• _What you have to do_
Exactly the lines from the one with "Unwind in your" through the end of the data below must be set down, and no pictures with them.

• _Source material_
-- Opening Marker --

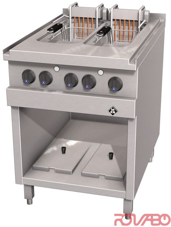 Korpusas pagamintas iš nerūdijančio plieno (304). 2 kepimo vonios talpinančios 12,5 litrų. Suvirinta be siūlių viršutinė plokštė su šoniniais nutekėjimo grioveliais. Lengvai valoma. Cilindriniai kaitinimo elementai pagaminti iš nerūdijančio plieno. Aušinimo zona. Vonios išmatavimai: 180x400x235 mm. Krepšelių pakelėjas su laikmačiu. Įrenginys paruoštas prijungimui prie energiją optimizuojančios sistemos. Pagrindinis jungiklis, termostatas, ventiliatorius, temperatūros apsaugos termostatas, kontrolinė lemputė, apsaugos klasė IPX5. Komplekte: 2 dangčiai, 2 vonelės aliejaus valymui, 2 krepšeliai.
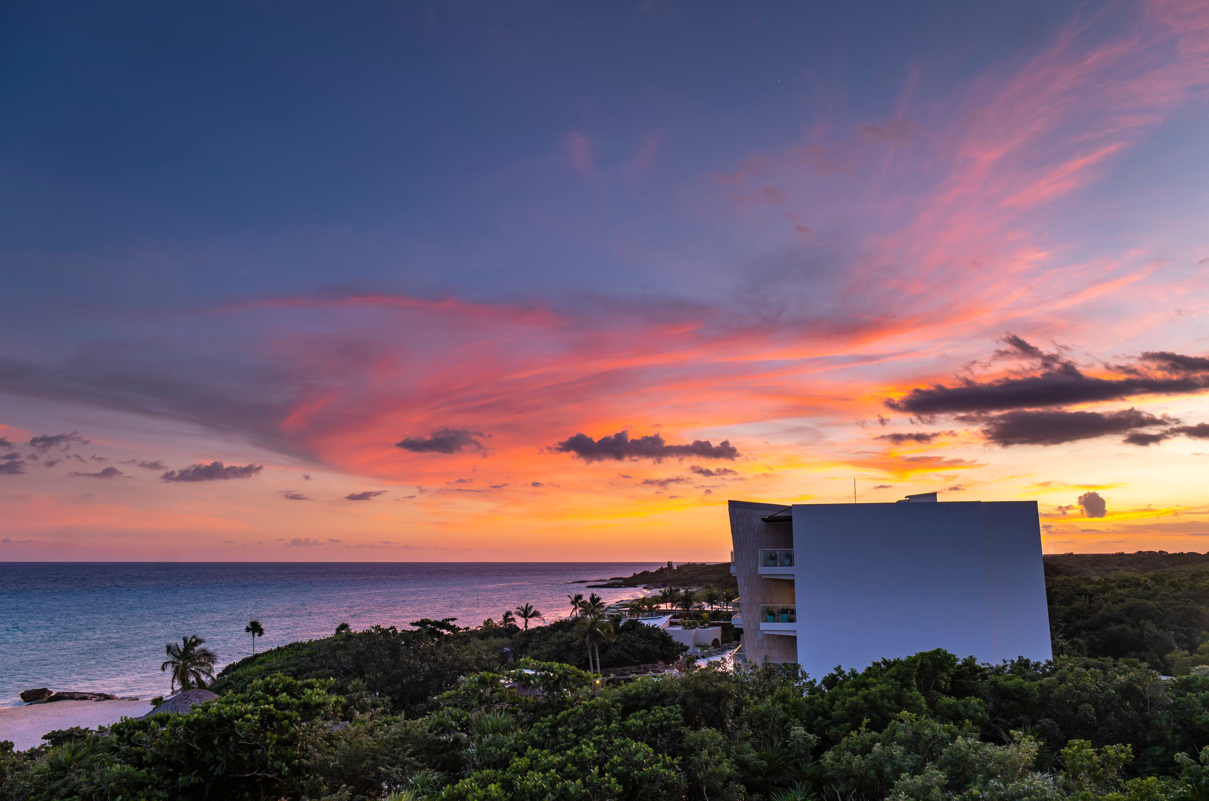 Tucked between lush jungle terrain and white sandy beaches, Palmaïa - The House of AïA is a wellness mecca in the middle of Playa Del Carmen. Though it is home to 234 suites, its intimate and calm atmosphere combined with its hands-on service create a boutique ambiance that mirrors its own mission for connection. The all-inclusive format extends from dining, which is primarily vegan, to daily wellness classes like breathwork, yoga, sound baths, and more. The hotel’s crown jewel, however, is none other than the outdoor Atlantis Spa, which features swimmable cenotes, a traditional temazcal and jungle-view treatment rooms.
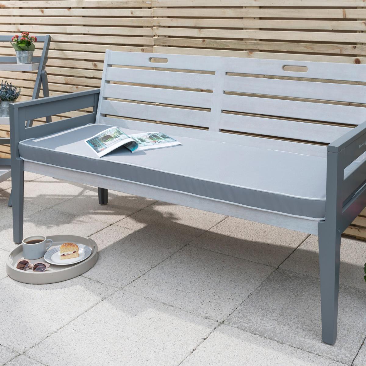 Unwind in your garden with the Florenity Grigio 3 Seater Bench with Seat Pad. This classic wooden bench is beautifully crafted from hard-wearing eucalyptus wood and boasts a smart grey painted finish. It comes complete with a comfy padded, trimmed cushion. Please note, unfortunately we cannot deliver this item to the Channel Islands.
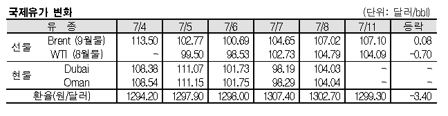7월11일 국제유가는 러시아산 원유 공급 감소 우려로 상승했다. 미국 등 서방 국가들이 러시아산 원유 가격상한제를 논의함에 따라 러시아가 공급을 줄여 에너지 무기화에 나설 가능성이 제기되고 있다. 표, 그래프: <국제유가 변화> <화학저널 2022/07/12> |

-- Closing Marker --

• _Written answer_
 Unwind in your garden with the Florenity Grigio 3 Seater Bench with Seat Pad. This classic wooden bench is beautifully crafted from hard-wearing eucalyptus wood and boasts a smart grey painted finish. It comes complete with a comfy padded, trimmed cushion. Please note, unfortunately we cannot deliver this item to the Channel Islands.
7월11일 국제유가는 러시아산 원유 공급 감소 우려로 상승했다. 미국 등 서방 국가들이 러시아산 원유 가격상한제를 논의함에 따라 러시아가 공급을 줄여 에너지 무기화에 나설 가능성이 제기되고 있다. 표, 그래프: <국제유가 변화> <화학저널 2022/07/12> |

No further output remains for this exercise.